**Data shown**
§ §

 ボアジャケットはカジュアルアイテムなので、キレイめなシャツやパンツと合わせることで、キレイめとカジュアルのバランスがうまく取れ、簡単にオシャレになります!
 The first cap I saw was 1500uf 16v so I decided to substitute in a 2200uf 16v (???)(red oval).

§ §

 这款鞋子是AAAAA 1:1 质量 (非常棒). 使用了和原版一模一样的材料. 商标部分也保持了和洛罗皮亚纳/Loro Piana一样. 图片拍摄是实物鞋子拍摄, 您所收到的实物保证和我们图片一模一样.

§ §

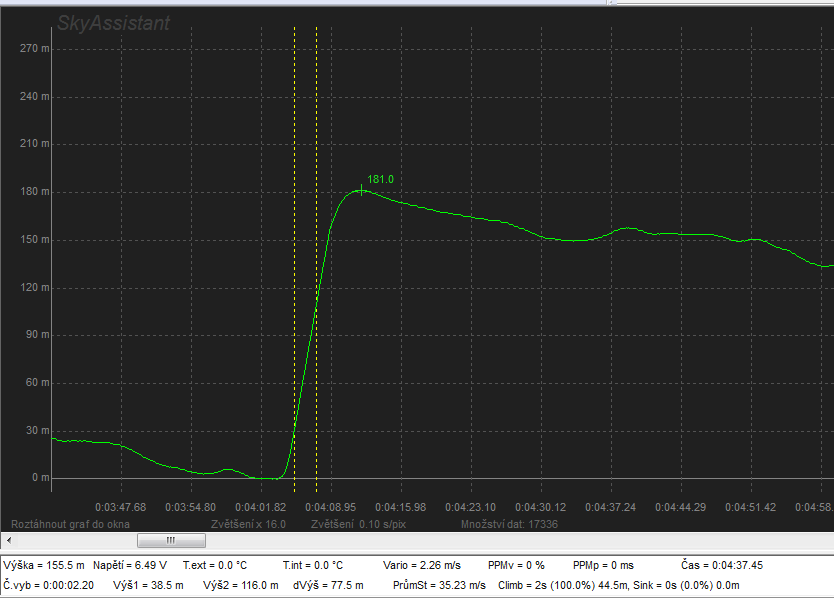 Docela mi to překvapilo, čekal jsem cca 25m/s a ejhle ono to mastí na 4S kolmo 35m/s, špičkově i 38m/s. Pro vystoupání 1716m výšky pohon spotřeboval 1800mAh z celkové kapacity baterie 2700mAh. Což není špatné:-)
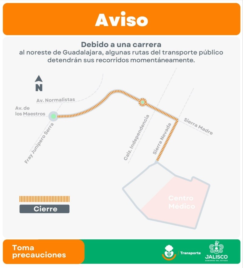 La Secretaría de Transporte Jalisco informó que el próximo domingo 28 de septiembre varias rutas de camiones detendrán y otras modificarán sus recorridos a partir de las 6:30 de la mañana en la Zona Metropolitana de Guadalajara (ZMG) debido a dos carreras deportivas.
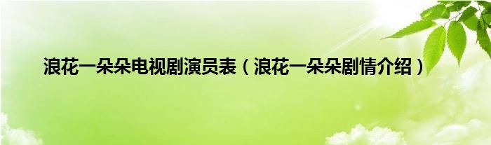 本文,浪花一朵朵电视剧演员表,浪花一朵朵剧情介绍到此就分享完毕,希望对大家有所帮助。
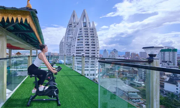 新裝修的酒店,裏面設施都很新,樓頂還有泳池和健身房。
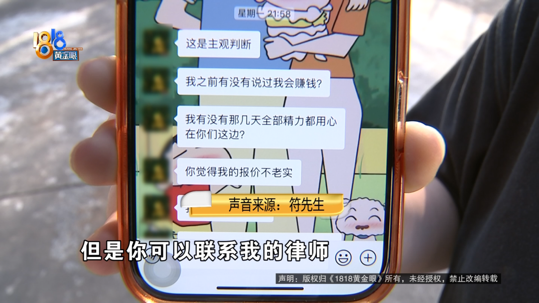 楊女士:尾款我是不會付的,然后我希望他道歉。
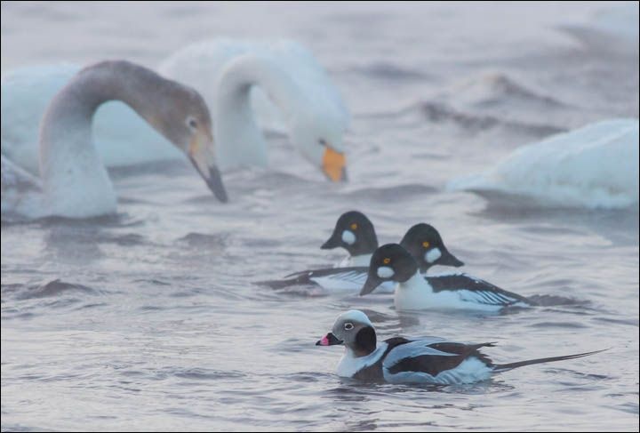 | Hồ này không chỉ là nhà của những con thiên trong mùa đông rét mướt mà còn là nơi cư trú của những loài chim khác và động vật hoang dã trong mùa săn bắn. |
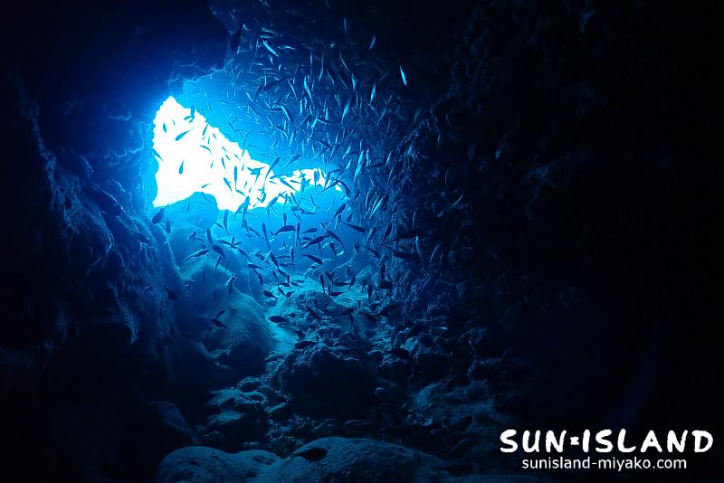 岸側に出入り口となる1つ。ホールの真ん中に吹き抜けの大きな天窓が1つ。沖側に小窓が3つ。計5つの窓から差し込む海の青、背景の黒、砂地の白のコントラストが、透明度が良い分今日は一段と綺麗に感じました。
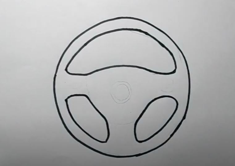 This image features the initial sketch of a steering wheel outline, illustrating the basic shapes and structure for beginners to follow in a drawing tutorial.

§ §

In the records above, find the line with "La Secretaría de". Print exactly from there through the line with "This image features", minus the pictures.

 La Secretaría de Transporte Jalisco informó que el próximo domingo 28 de septiembre varias rutas de camiones detendrán y otras modificarán sus recorridos a partir de las 6:30 de la mañana en la Zona Metropolitana de Guadalajara (ZMG) debido a dos carreras deportivas.
 本文,浪花一朵朵电视剧演员表,浪花一朵朵剧情介绍到此就分享完毕,希望对大家有所帮助。
 新裝修的酒店,裏面設施都很新,樓頂還有泳池和健身房。
 楊女士:尾款我是不會付的,然后我希望他道歉。
 | Hồ này không chỉ là nhà của những con thiên trong mùa đông rét mướt mà còn là nơi cư trú của những loài chim khác và động vật hoang dã trong mùa săn bắn. |
 岸側に出入り口となる1つ。ホールの真ん中に吹き抜けの大きな天窓が1つ。沖側に小窓が3つ。計5つの窓から差し込む海の青、背景の黒、砂地の白のコントラストが、透明度が良い分今日は一段と綺麗に感じました。
 This image features the initial sketch of a steering wheel outline, illustrating the basic shapes and structure for beginners to follow in a drawing tutorial.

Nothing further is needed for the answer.